◆ Data shown ◆
--*--

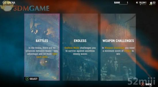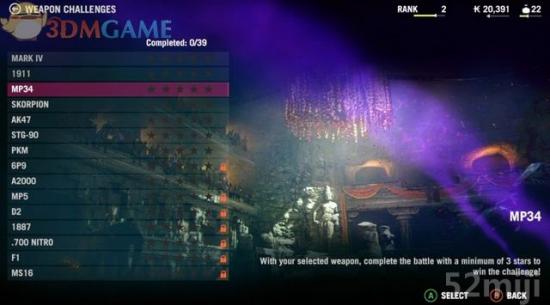 第三种是武器挑战(Weapon Challenges),选择一种适用的武器来挑战五个回合,通过杀死敌兵或猎物来获取点数,最后的表单会根据点数给出该武器的星数。
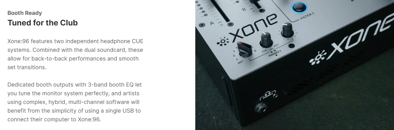 Dual Headphone Cue (A/B): Ideal for back-to-back DJ sets.
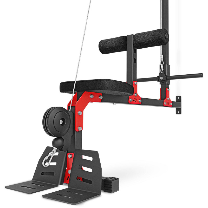 Якщо ви шукаєте недороге обладнання, виготовлене з увагою до деталей і найвищої якості — ми представляємо ще одну новинку в нашій пропозиції - верхня та нижня тяга з сидінням та платформою Marbo Sport MH-W102 2.0. У цьому тренажері шківи, що направляють кабель, були закриті червоними кожухами, а гвинтові з'єднання замасковані пластиковими ковпачками.
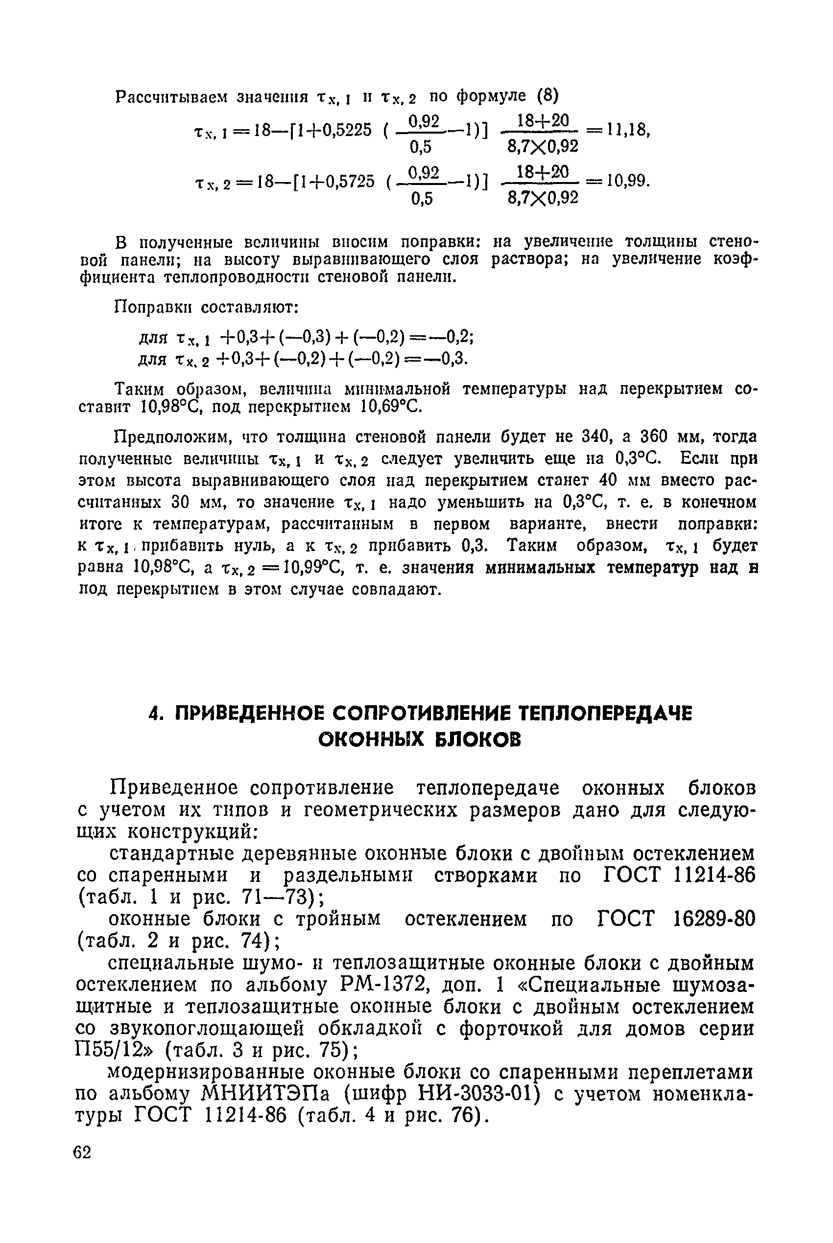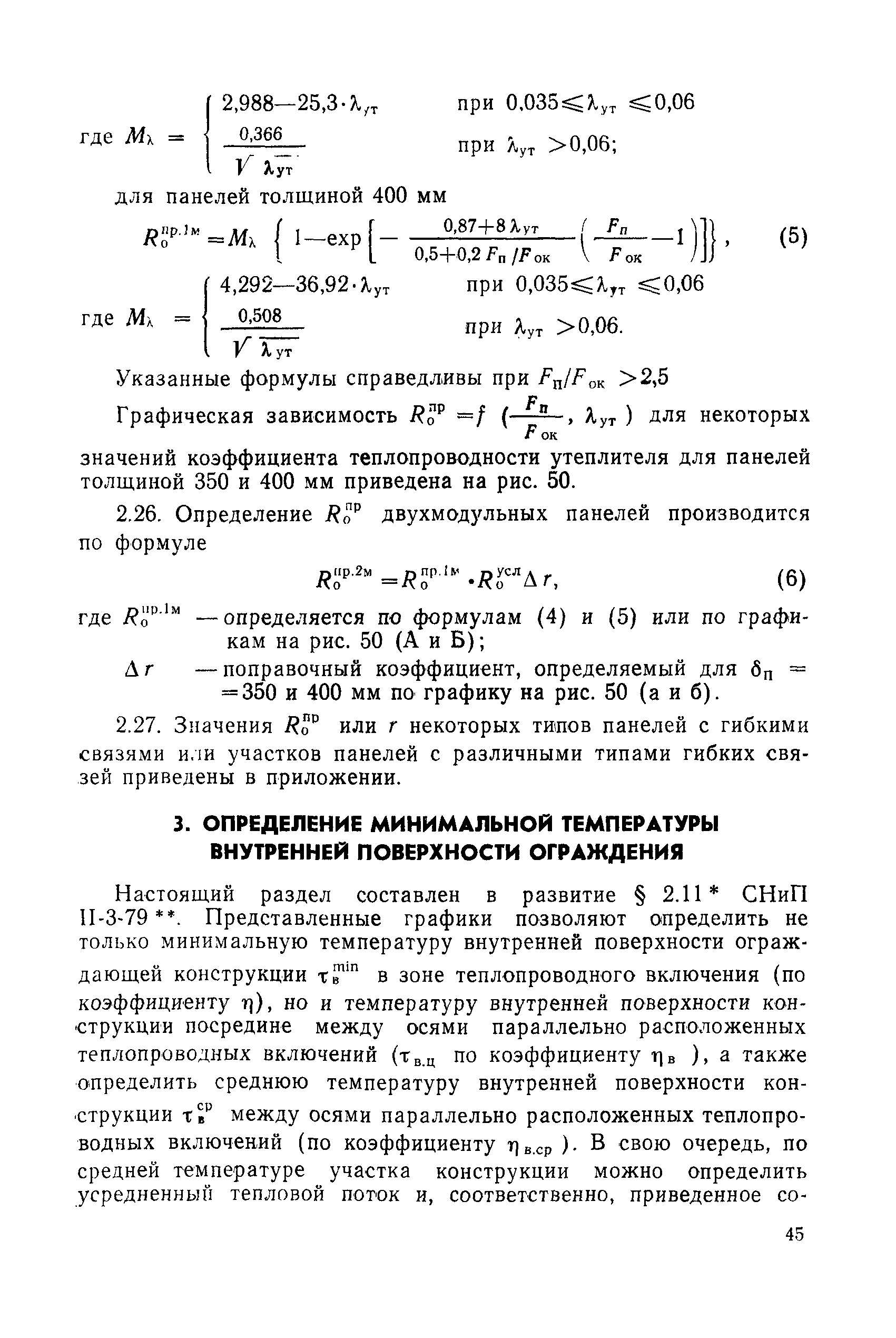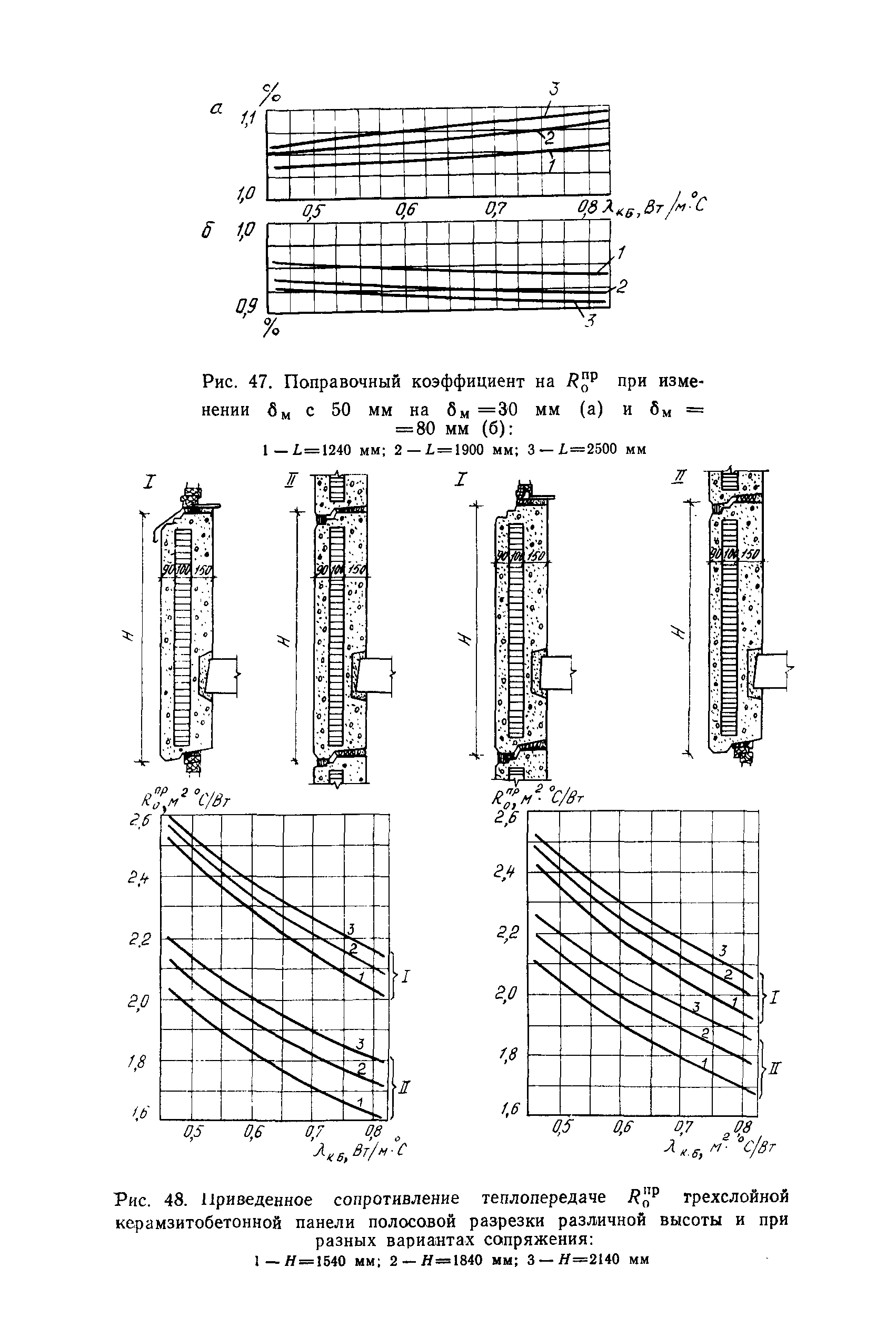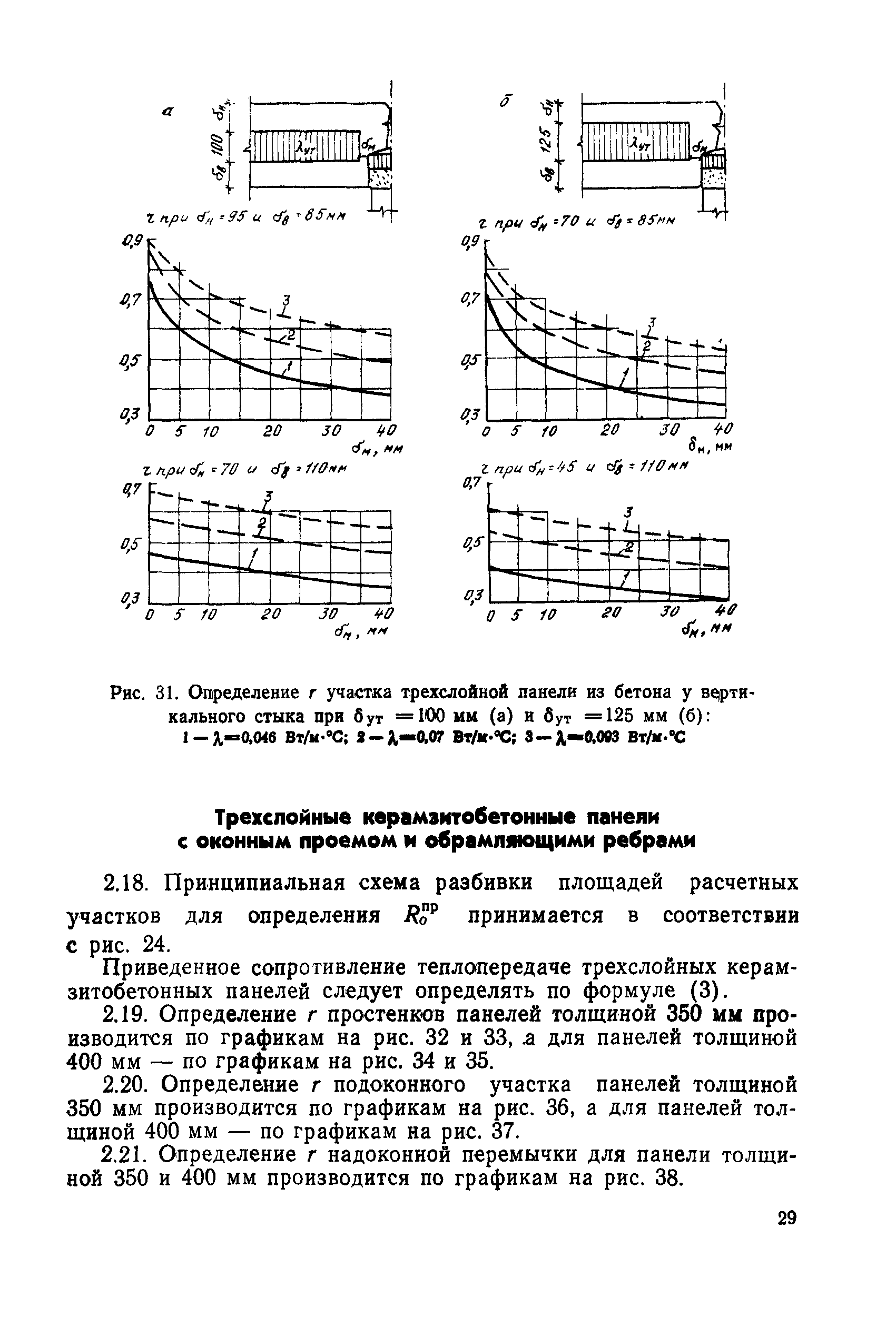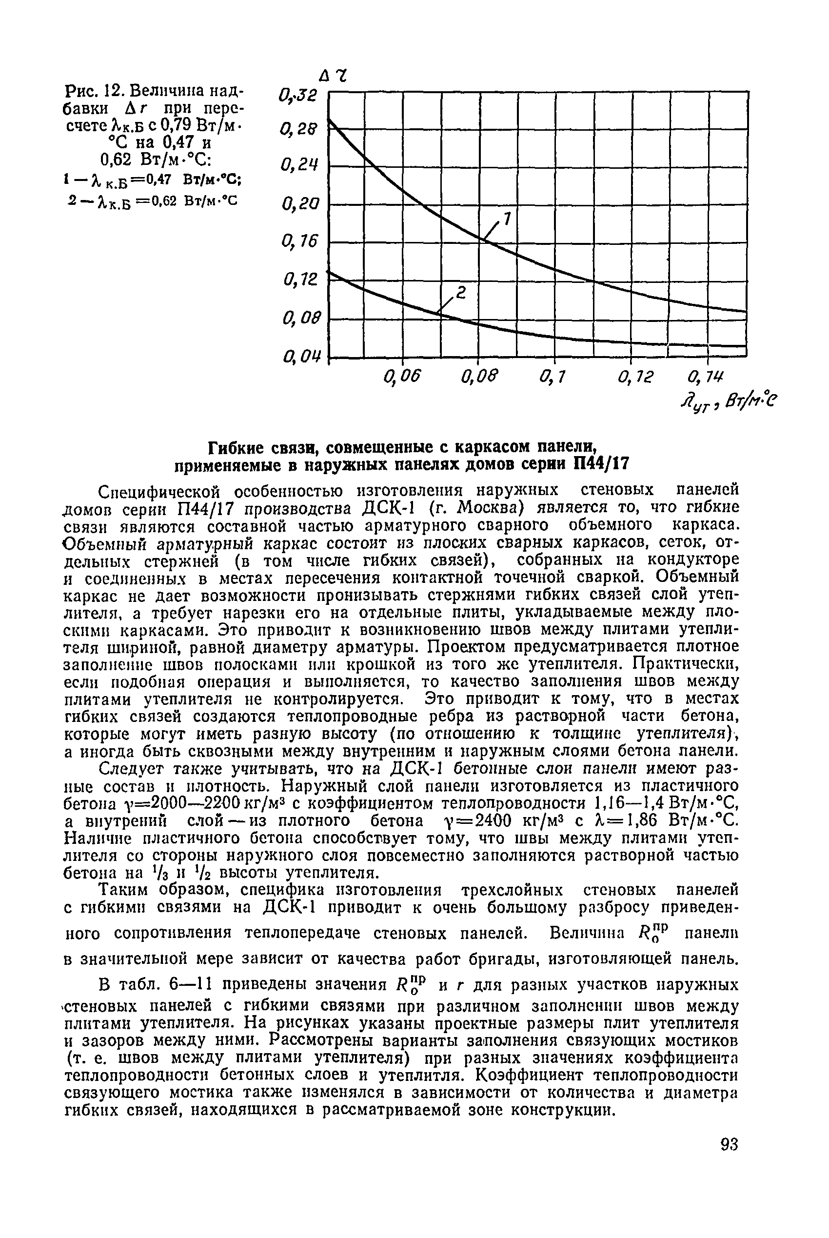 | Оглавление: | 1. Общие положения 2. Приведенное сопротивление теплопередаче стеновых ограждающих конструкций Однослойные наружные стеновые конструкции Кирпичная кладка Однослойные панели с оконным проемом Однослойные панели полосовой разрезки (ленточные панели) Многослойные наружные стеновые конструкции Трехслойные бетонные панели с оконным проемом и обрамляющими ребрами Трехслойные керамзитобетонные панели с оконным проемом и обрамляющими ребрами Трехслойные керамзитобетонные панели полосовой разрезки (ленточные панели) с обрамляющими ребрами Трехслойные панели с гибкими связями 3. Определение минимальной температуры внутренней поверхности ограждения Теплопроводные включения характерного типа Определение минимальной температуры в узлах консольного типа однослойных панелей 4. Приведенное сопротивление теплопередаче оконных блоков 5. Теплотехнические расчеты крыши с теплым чердаком Расчет крыши с теплым чердаком при стационарном температурном режиме Методика теплотехнического расчета Расчет нестационарного температурного режима теплого чердака Приложение. Значения R и r некоторых видов стеновых панелей с разными теплопроводным включениями и участков стен с различными типами гибких связей Трехслойные керамзитобетонные наружные стены по альбому 5РС41-39 Трехслойные панели полосовой разрезки с гибкими связями домов серии 1.030.1-1 Трехслойные панели полосовой разрезки для плодоовощных баз Различные виды гибких связей Гибкие связи, совмещенные с каркасом панели, применяемые в наружных панелях домов серии П44/17 |

--*--

◆ Activity ◆
Please set down the data above exactly as given, leaving every picture out.

◆ Response ◆
 第三种是武器挑战(Weapon Challenges),选择一种适用的武器来挑战五个回合,通过杀死敌兵或猎物来获取点数,最后的表单会根据点数给出该武器的星数。
 Dual Headphone Cue (A/B): Ideal for back-to-back DJ sets.
 Якщо ви шукаєте недороге обладнання, виготовлене з увагою до деталей і найвищої якості — ми представляємо ще одну новинку в нашій пропозиції - верхня та нижня тяга з сидінням та платформою Marbo Sport MH-W102 2.0. У цьому тренажері шківи, що направляють кабель, були закриті червоними кожухами, а гвинтові з'єднання замасковані пластиковими ковпачками.
 | Оглавление: | 1. Общие положения 2. Приведенное сопротивление теплопередаче стеновых ограждающих конструкций Однослойные наружные стеновые конструкции Кирпичная кладка Однослойные панели с оконным проемом Однослойные панели полосовой разрезки (ленточные панели) Многослойные наружные стеновые конструкции Трехслойные бетонные панели с оконным проемом и обрамляющими ребрами Трехслойные керамзитобетонные панели с оконным проемом и обрамляющими ребрами Трехслойные керамзитобетонные панели полосовой разрезки (ленточные панели) с обрамляющими ребрами Трехслойные панели с гибкими связями 3. Определение минимальной температуры внутренней поверхности ограждения Теплопроводные включения характерного типа Определение минимальной температуры в узлах консольного типа однослойных панелей 4. Приведенное сопротивление теплопередаче оконных блоков 5. Теплотехнические расчеты крыши с теплым чердаком Расчет крыши с теплым чердаком при стационарном температурном режиме Методика теплотехнического расчета Расчет нестационарного температурного режима теплого чердака Приложение. Значения R и r некоторых видов стеновых панелей с разными теплопроводным включениями и участков стен с различными типами гибких связей Трехслойные керамзитобетонные наружные стены по альбому 5РС41-39 Трехслойные панели полосовой разрезки с гибкими связями домов серии 1.030.1-1 Трехслойные панели полосовой разрезки для плодоовощных баз Различные виды гибких связей Гибкие связи, совмещенные с каркасом панели, применяемые в наружных панелях домов серии П44/17 |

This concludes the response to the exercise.